[Goal of the exercise]
The result should be every line in the material below containing the string "with".

BEGIN Dataset records

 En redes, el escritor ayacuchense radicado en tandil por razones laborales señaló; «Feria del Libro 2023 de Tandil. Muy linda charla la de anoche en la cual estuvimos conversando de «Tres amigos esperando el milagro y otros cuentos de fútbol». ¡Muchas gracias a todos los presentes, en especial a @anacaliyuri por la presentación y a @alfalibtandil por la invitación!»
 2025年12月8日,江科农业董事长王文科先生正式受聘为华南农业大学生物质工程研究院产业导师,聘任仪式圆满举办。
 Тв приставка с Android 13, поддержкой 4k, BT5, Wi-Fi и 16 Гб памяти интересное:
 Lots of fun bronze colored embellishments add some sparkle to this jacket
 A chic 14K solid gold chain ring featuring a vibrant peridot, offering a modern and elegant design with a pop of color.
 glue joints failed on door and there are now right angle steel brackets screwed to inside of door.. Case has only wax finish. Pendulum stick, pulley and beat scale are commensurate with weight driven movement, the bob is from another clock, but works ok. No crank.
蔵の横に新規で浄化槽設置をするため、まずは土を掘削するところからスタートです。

END Dataset records
BEGIN Dataset records

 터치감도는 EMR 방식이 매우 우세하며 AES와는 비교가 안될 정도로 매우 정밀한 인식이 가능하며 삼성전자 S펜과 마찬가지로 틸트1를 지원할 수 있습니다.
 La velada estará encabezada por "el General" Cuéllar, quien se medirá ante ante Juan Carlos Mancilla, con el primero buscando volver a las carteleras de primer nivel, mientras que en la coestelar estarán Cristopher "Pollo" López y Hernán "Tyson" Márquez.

END Dataset records

[The completed task]
 A chic 14K solid gold chain ring featuring a vibrant peridot, offering a modern and elegant design with a pop of color.
 glue joints failed on door and there are now right angle steel brackets screwed to inside of door.. Case has only wax finish. Pendulum stick, pulley and beat scale are commensurate with weight driven movement, the bob is from another clock, but works ok. No crank.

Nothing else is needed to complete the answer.